- _Materials provided_

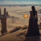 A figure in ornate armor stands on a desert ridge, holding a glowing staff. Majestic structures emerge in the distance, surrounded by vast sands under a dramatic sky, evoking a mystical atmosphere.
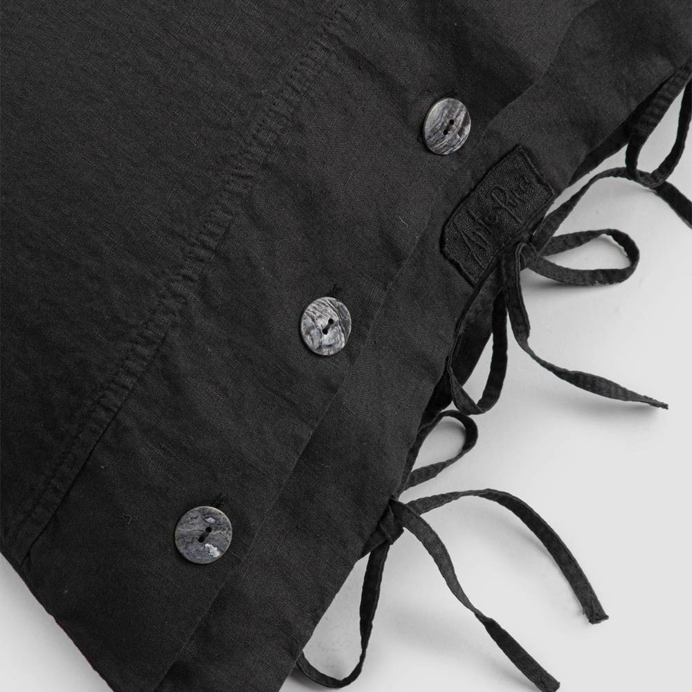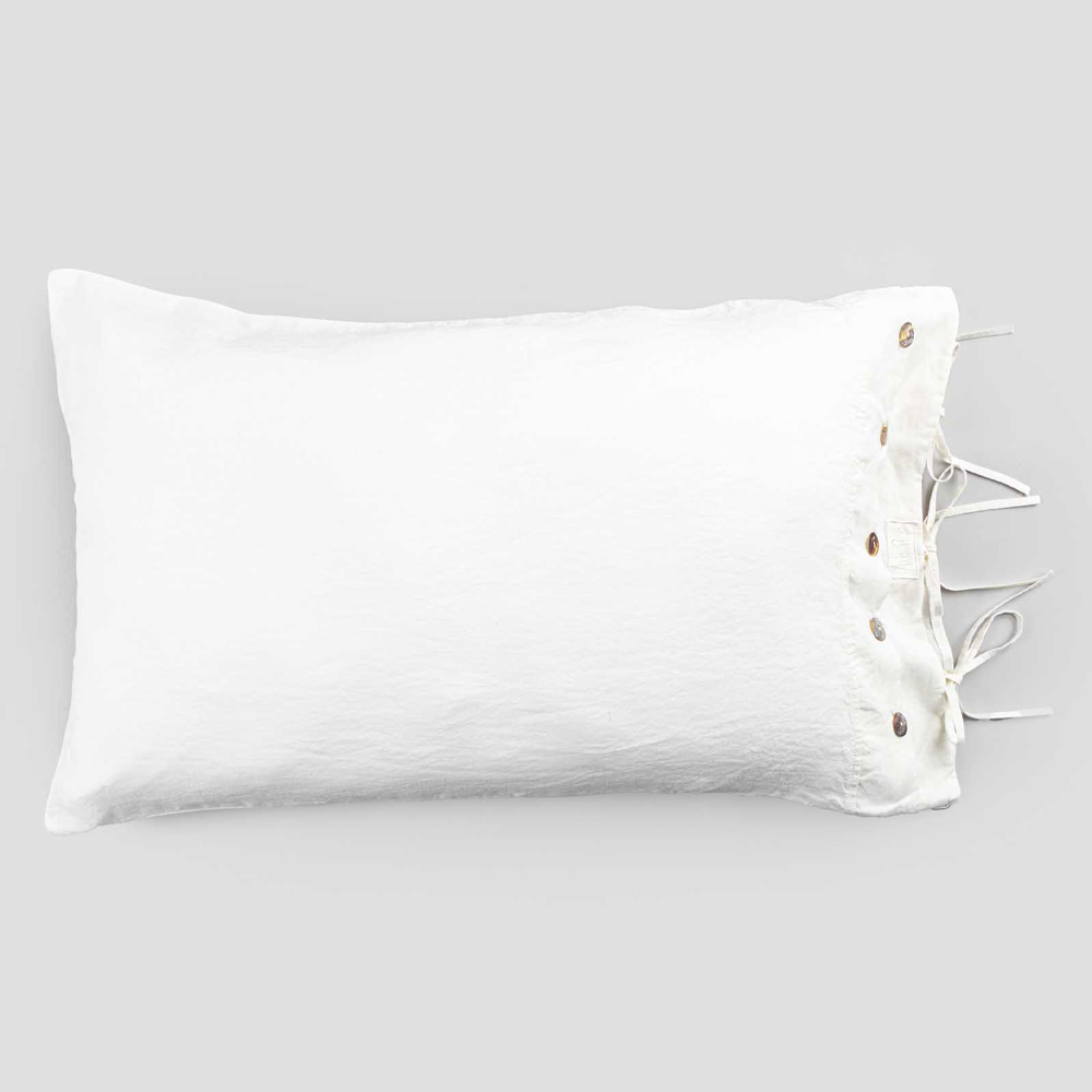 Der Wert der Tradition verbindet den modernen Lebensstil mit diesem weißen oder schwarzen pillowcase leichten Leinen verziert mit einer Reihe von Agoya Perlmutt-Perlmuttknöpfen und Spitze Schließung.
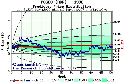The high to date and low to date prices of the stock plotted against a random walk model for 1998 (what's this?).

--

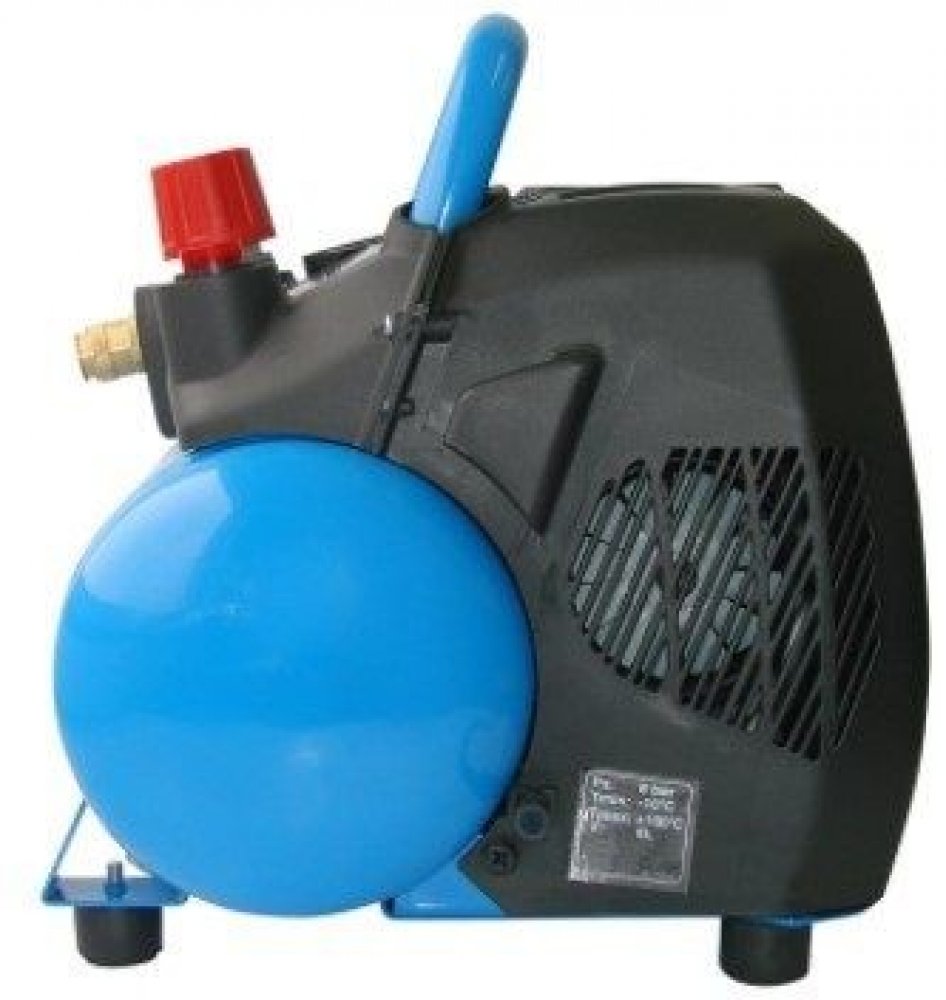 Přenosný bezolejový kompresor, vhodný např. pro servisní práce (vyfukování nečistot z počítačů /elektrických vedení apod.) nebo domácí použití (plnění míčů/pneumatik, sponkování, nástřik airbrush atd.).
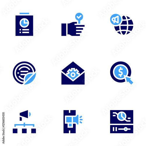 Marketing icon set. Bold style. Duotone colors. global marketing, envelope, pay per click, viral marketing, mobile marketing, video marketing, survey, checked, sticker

- _The problem_
Copy back exactly the lines above from the one containing "Přenosný bezolejový kompresor, vhodný" through the one containing "Marketing icon set.", and leave every picture behind.

- _Output_
 Přenosný bezolejový kompresor, vhodný např. pro servisní práce (vyfukování nečistot z počítačů /elektrických vedení apod.) nebo domácí použití (plnění míčů/pneumatik, sponkování, nástřik airbrush atd.).
 Marketing icon set. Bold style. Duotone colors. global marketing, envelope, pay per click, viral marketing, mobile marketing, video marketing, survey, checked, sticker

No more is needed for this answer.